UK private equity owners are small business lenders Shawbrook is considering listing the company in London, targeting a £2bn valuation. BC Partners and Pollen Street Capital bought the bank in 2017 and are considering listing it in the first half of 2025. The company in 2022 shelved plans for a sale after record-high inflation and soaring energy costs hit the lender’s customers.

Metlen Energy & Metals facility
Metlen Energy & Metals is currently trading in the Athens market © Metlen Energy & Metals

Industrial

Metlen Energy & Metals

In mid-December, Greece-based Metlen Energy & Metals filed paperwork to add a primary listing on the LSE. Currently trading on the Athens market, Metlen’s chairman said the conglomerate “has had a presence in the UK and international markets for many years” and a London listing “would be in the best interests of Metlen and its shareholders this”.

AirBaltic

Latvian flag carrier AirBaltic says London is a serious contender if it goes ahead with a much-delayed IPO this year.

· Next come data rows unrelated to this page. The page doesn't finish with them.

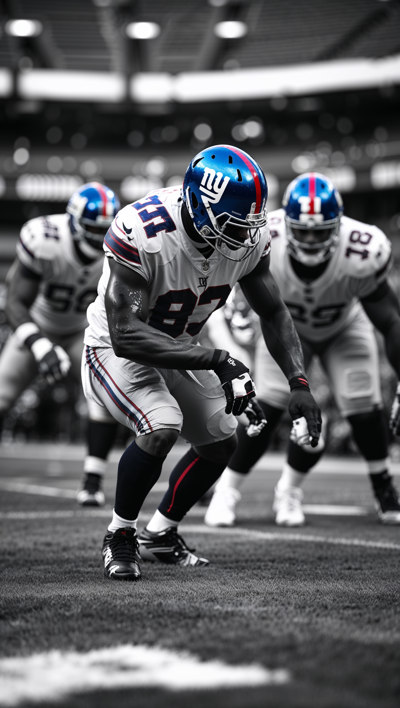 1664x2944 Black and white NY Giants game with color splash on the logo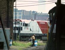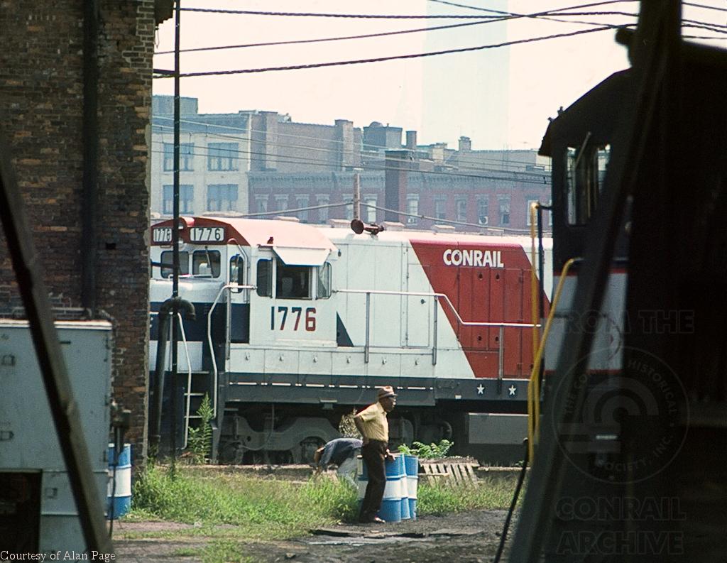 With Comet I cars behind, Conrail 1776 (ex-EL 3351) waits for assignment at Hoboken in August, 1977.
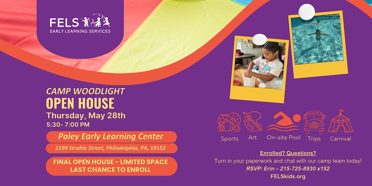 Join us for our Final Camp Woodlight Open House on Thursday, May 28th, from 5:30 – 7:00 PM at Paley Early Learning Center, located in Northeast Philadelphia (2199 Strahle Street, Philadelphia, PA).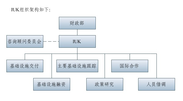 英国PPP管理机构发展分为两个阶段,第一阶段(2010年前),财政部于1997年设立一个PPP工作组,负责PPP相关工作;第二阶段(2010年后),财政部正式成立一个部门——基础设施建设局(IUK, Infrastructure UK),统一负责PPP管理工作。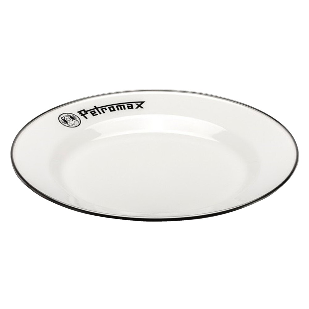 Petromax Black Enamel Camping Plates have a hard black enamel finish with the Petromax twin dragon logo and a stainless steel rim. The combination of glass and steel results in a strong and easy to clean material, it is not only heat resistant but also lightweight. The combustible surface is resistant to scratches and cuts. Used for camping, by the fire or at home.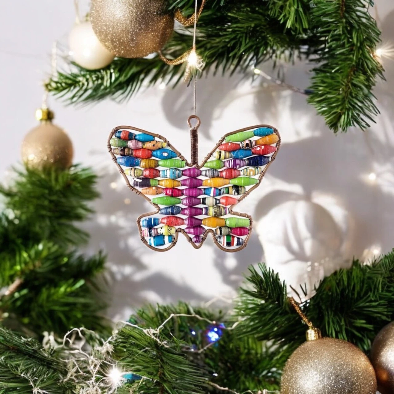 Add a splash of color to your decor with this Handmade Butterfly Ornament featuring a vibrant purple body and multicolored paper bead wings. Each bead is crafted from recycled paper and artfully arranged on a sturdy wire frame, creating a beautiful, eco-friendly design.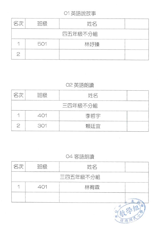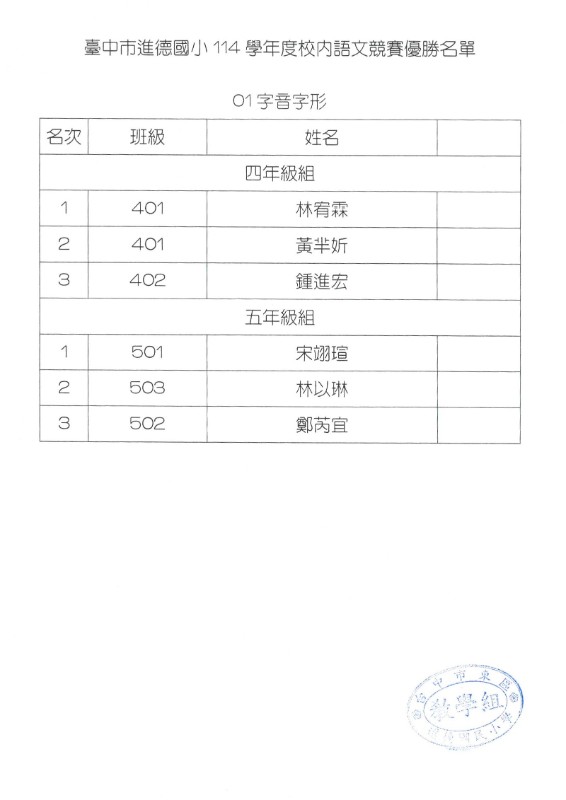 114學年度進德國小校內語文競賽結果公告,詳見附件。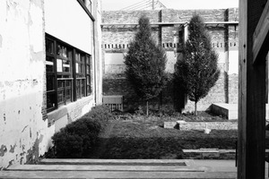 This photograph captures a serene courtyard scene framed by weathered brick walls and lush greenery. A pair of symmetrical trees stand prominently, creating a sense of balance against the textured backdrop, while soft light gently illuminates the tranquil space. The black-and-white composition evokes a timeless, contemplative mood, inviting the viewer to ponder the beauty in the ordinary.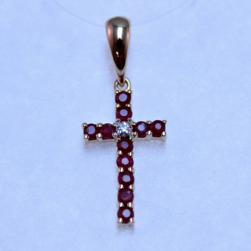 —Декоративный крестик из красного золота с рубинами и бриллиантом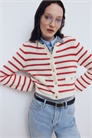 Короткий кардиган из фактурного трикотажа с круглым вырезом, металлическими пуговицами спереди, длинными рукавами и фальшивыми передними карманами с пуговицей. Окантовка по вырезу горловины, по краю пуговиц, на манжетах и подоле.
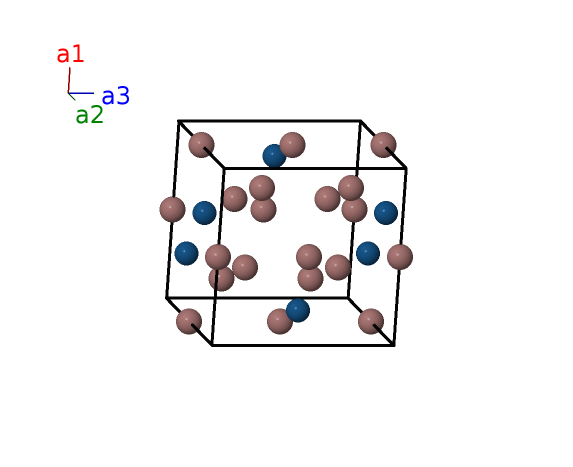 | $\mathbf{B_{7}}$ | = | $- \left(x_{2} - \frac{1}{2}\right) \, \mathbf{a}_{1}+\left(x_{2} + \frac{1}{2}\right) \, \mathbf{a}_{2}+\frac{1}{2} \, \mathbf{a}_{3}$ | = | $- a \left(x_{2} - \frac{1}{2}\right) \,\mathbf{\hat{x}}+a \left(x_{2} + \frac{1}{2}\right) \,\mathbf{\hat{y}}+\frac{1}{2}c \,\mathbf{\hat{z}}$ | (4f) | Ir I |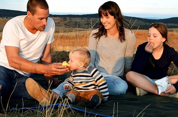 - WHY OUR BLANKET ultrasonically quilted, the 2 layers can’t slide on each other, maximizing safety; at 3.1 lb of quality materials it is THICKER THAN THE OTHERS in this price range; a special double coating has been sprayed in between the 2 layers to stop water penetrating from the blue side, making it waterproof in most situations; a secret zip storage pocket for the stuff sack and it is backed by our lifetime warranty; if your unhappy with your blanket, EVER, send in for replacement
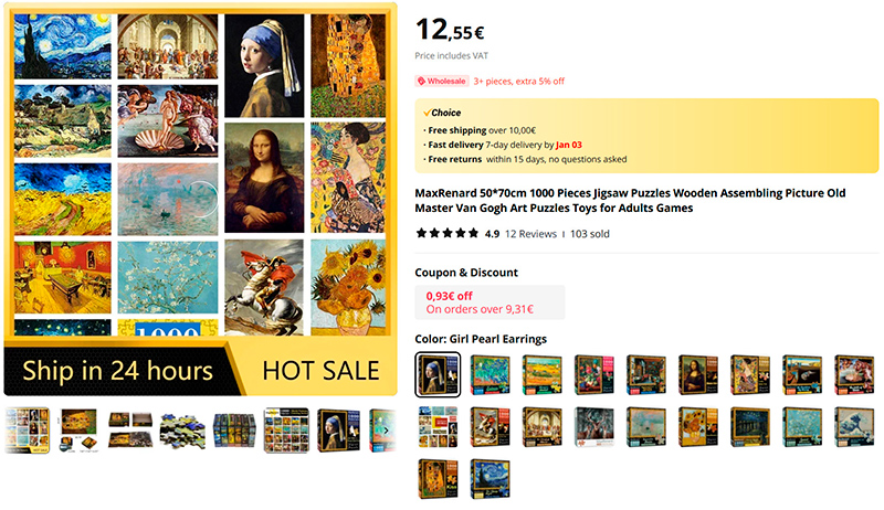 Для любителей пазлов - наборы на 1000 частей с картинами старых мастеров. Размер - 50х70 см.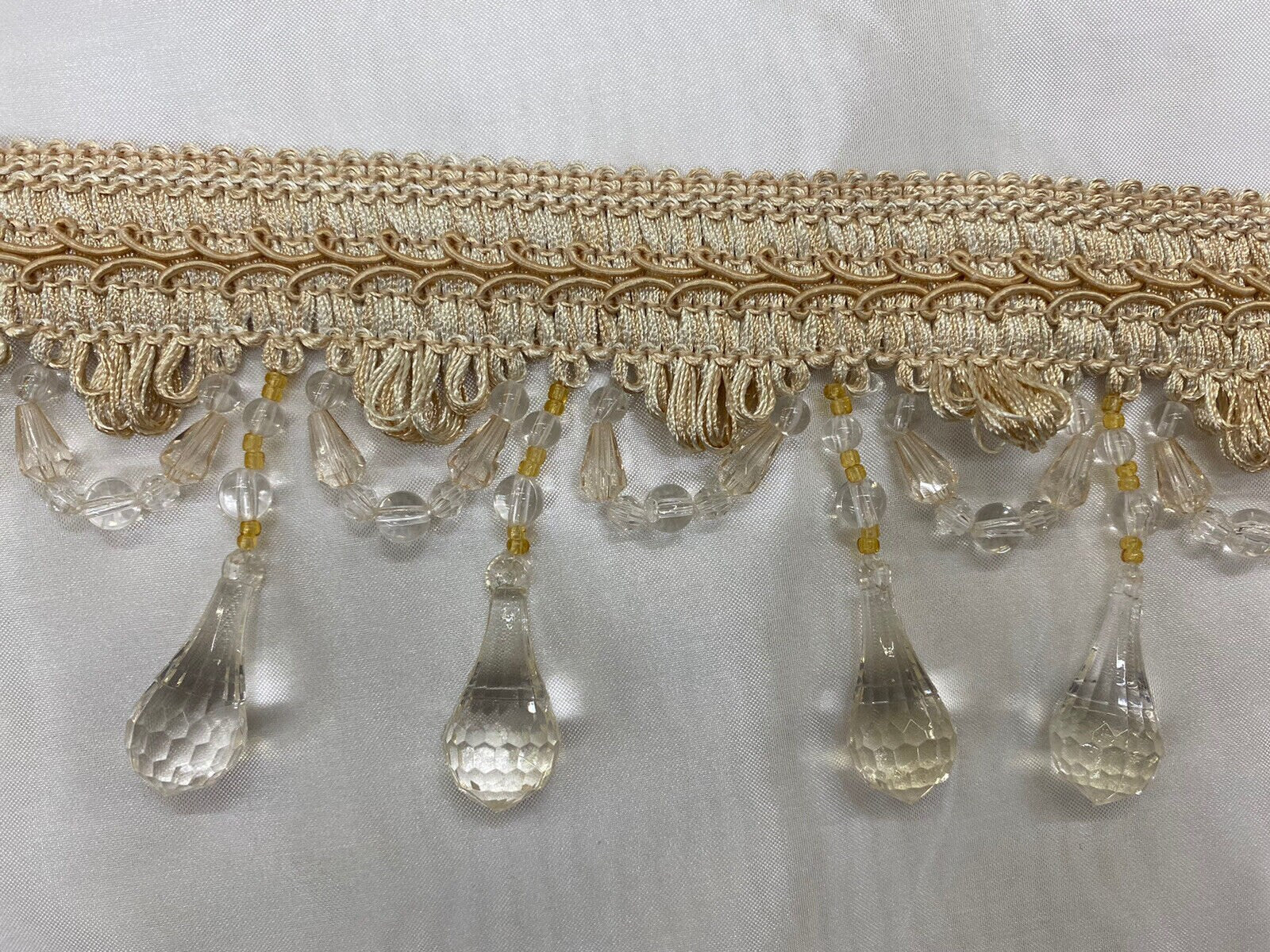 3.5” Tear Drop Beaded Trim Fringe Gimp Top Sold By The Yard Taupe / Clear Ivory Tassel Trim Fringe Fabric for Decoration

The airline had planned to list on its home market in Riga but its chief executive met the boss of the LSE last month to discuss the possibility of a dual listing in London. Despite this, Martin Gauss, CEO of AirBaltic, said that other European bourses including Amsterdam and Frankfurt are also options, if the airline continues a flotation.

consumers

Shein

Online fast-fashion group Shein could go ahead with a blockbuster listing in London this year, potentially valuing the company at around £50bn. The company, founded in China and headquartered in Singapore, filed confidential papers last year for a proposed IPO and is still waiting regulatory nodes in the UK and China.

In October, this reclusive billionaire founder Sky Xu met with UK and US investors in anticipation of a flotation. If Shein gets the green light for an IPO, it will likely be in the first half of this year, a person with knowledge of the meetings said at the time. It initially targeted New York but moved to London after being rebuffed by US regulators. The company may also target a dual listing in Hong Kong.

Unilever ice cream

Unilever plans to list its €15bn ice cream division but has not confirmed where an IPO will take place.

“We are talking to governments, to authorities, but also to stock exchanges, banks, etc.,” chief executive Hein Schumacher told the FT, adding that the door remains open to potential buyer. The company will confirm its plans in the first half of this year.

The listing could reignite an old rivalry between Unilever’s London and Amsterdam. The maker of Magnum and Marmite previously had listings in both cities but scrapped its dual corporate structure in 2020, moving to a London listing.